31. List Comprehensions

List Comprehensions

List Comprehensions

In Python, you can create lists really quickly and concisely with list comprehensions. This example from earlier:

capitalized_cities = []
for city in cities:
    capitalized_cities.append(city.title())

can be reduced to:

capitalized_cities = [city.title() for city in cities]

List comprehensions allow us to create a list using a for loop in one step.

You create a list comprehension with brackets [] , including an expression to evaluate for each element in an iterable. This list comprehension above calls city.title() for each element city in cities , to create each element in the new list, capitalized_cities .

Conditionals in List Comprehensions

You can also add conditionals to list comprehensions (listcomps). After the iterable, you can use the if keyword to check a condition in each iteration.

squares = [x**2 for x in range(9) if x % 2 == 0]

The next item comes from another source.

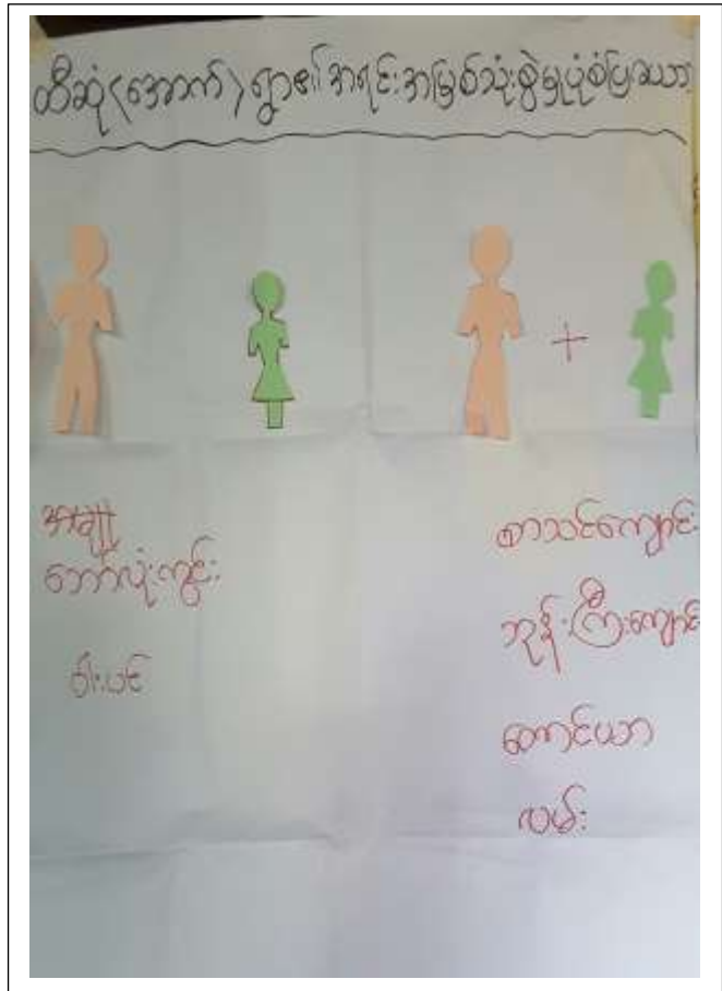
အရင်းအမြစ်သုံးစွဲမှုနှင့် ထိန်းချုပ်မှုပုံစံများ ပြပုံ

The code above sets squares equal to the list [0, 4, 16, 36, 64], as x to the power of 2 is only evaluated if x is even. If you want to add an else , you will get a syntax error doing this.

squares = [x**2 for x in range(9) if x % 2 == 0 else x + 3]

If you would like to add else , you have to move the conditionals to the beginning of the listcomp, right after the expression, like this.

squares = [x**2 if x % 2 == 0 else x + 3 for x in range(9)]

List comprehensions are not found in other languages, but are very common in Python.